I wouldn't discount hiring a programmer without a degree. I've worked with several excellent--really, truly excellent--programmers that came to the industry without anything other than motivation. But don't tell me that just because out of my 18 years of being academically involved with computers, 4 of those were spent mostly in the classroom that I don't know how to fucking code.
Sure, there's going to be exceptional members of each class. But look at it this way:
Who am I, as a un-degreed programmer, more likely to run into when dealing with someone with a degree - you, or the guy who can't code and who is using his degree as a crutch to bully the people who actually know what they're doing?
Who are you, as a degreed programmer,more likely to run into when dealing with someone without a degree - me, or the guy who just knows how to cargo cult his way through a CRUD web form?
I've taken a strong interest in biology, biochemistry, physics, neuroanatomy, sociology, psychology, history, and abstract math; while I have no major or minor in any of these subjects, I can generally have an interesting discussion about the relative merits of Bohm vs. Everett-Wheeler or the cellular hormone signalling going on in butterfly metamorphosis or the peculiar sociopolitics that influenced the transition from the last Chinese emperor to the pseudo-communist regime. And not everyone who didn't go to college is like that, but generally speaking, neither is everyone who went to college. And I've found that being a college graduate is completely orthogonal to knowing what the hell you're talking about, whether it's within your major or outside it.
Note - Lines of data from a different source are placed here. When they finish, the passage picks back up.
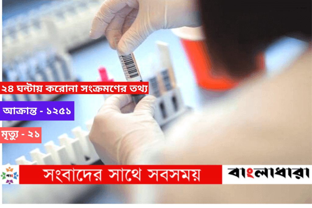 দেশে সোম থেকে মঙ্গলবার (১৯ মে) গত ২৪ ঘণ্টায় নতুন করে আরও ২১ জনের মৃত্যু হয়েছে। এতে মৃতের সংখ্যা বেড়ে দাঁড়ালো ৩৭০ জনে। পাশাপাশি একই সময়ে নতুন করে আরও এক হাজার ২৫১ জন করোনাভাইরাসে আক্রান্ত রোগী শনাক্ত হয়েছে। এতে আক্রান্ত শনাক্তের সংখ্যা দাঁড়িয়েছে ২৫ হাজার ১২১ জনে। আগেরদিনের তুলনায় এদিন শনাক্তের সংখ্যা কমেছে ৩৫১ জন।
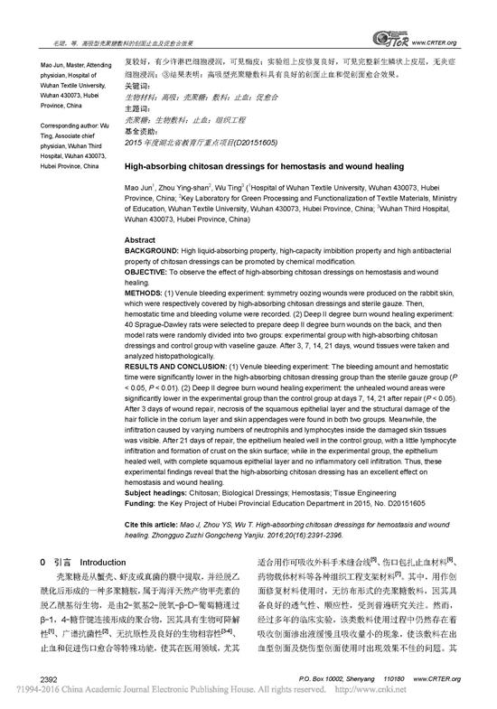 > 高吸型殼聚糖敷料的創(chuàng)面止血及促愈合效果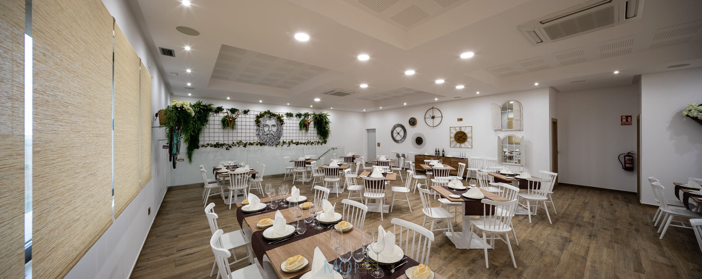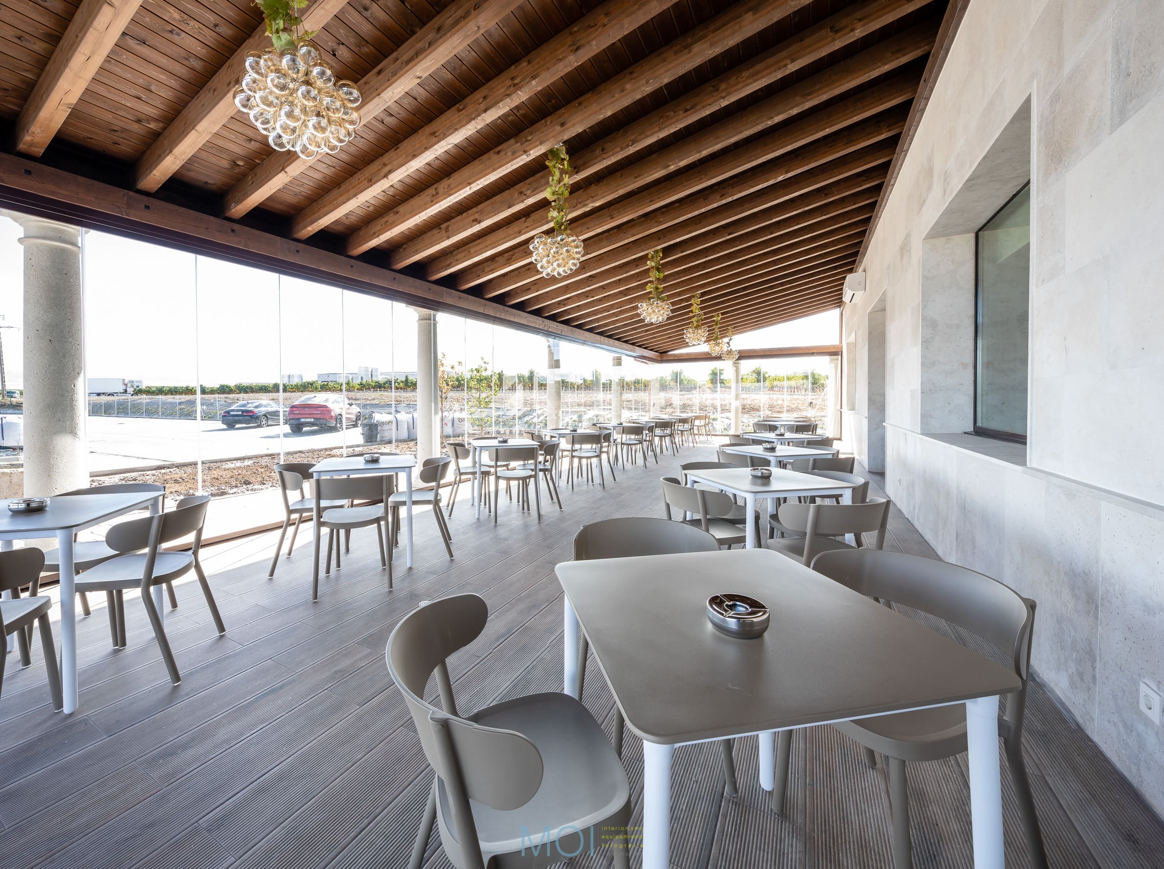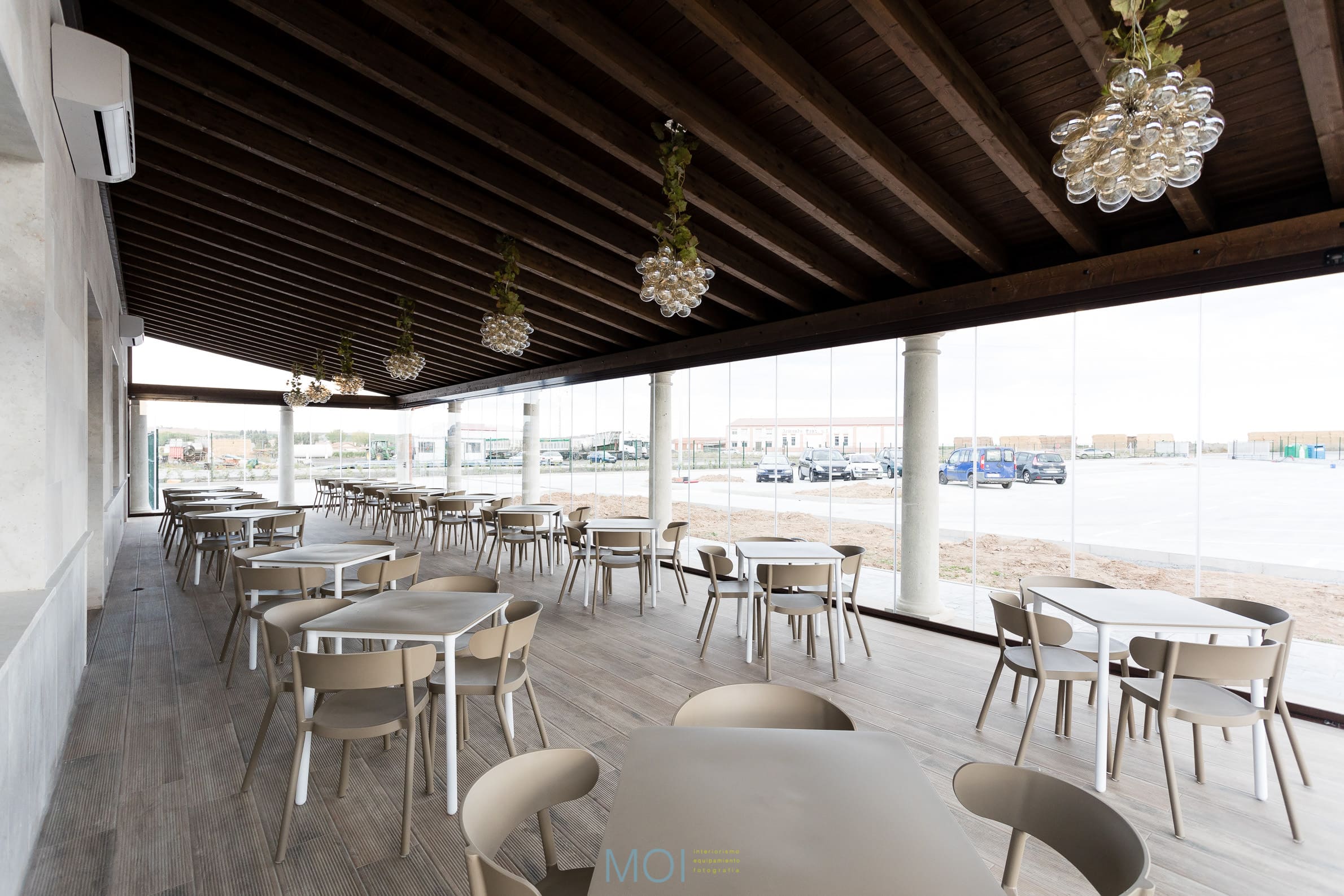 Se trata de una instalación rodeada de los típicos viñedos de la zona que cuenta con cuatro ámbitos diferenciados: Zona de cafetería, zona de terraza y dos salones comedores de amplia capacidad.

But the thing is, if you're coming in as a Lead Developer, and you have a degree, I can't discount the possibility that you got the job on the merit of your degree rather than your skill - so from my perspective, the likelihood that you know how to code is less likely if you have the degree, because it provides an alternate (and regrettably much more salient) hypothesis for how you got here.
I'm just saying I wouldn't have a place for them in my line business, we don't just do run of the mill CRUD stuff, we need people who can genuinely innovate and create great new products and who are driven to constantly improve their skillset to keep pace with that.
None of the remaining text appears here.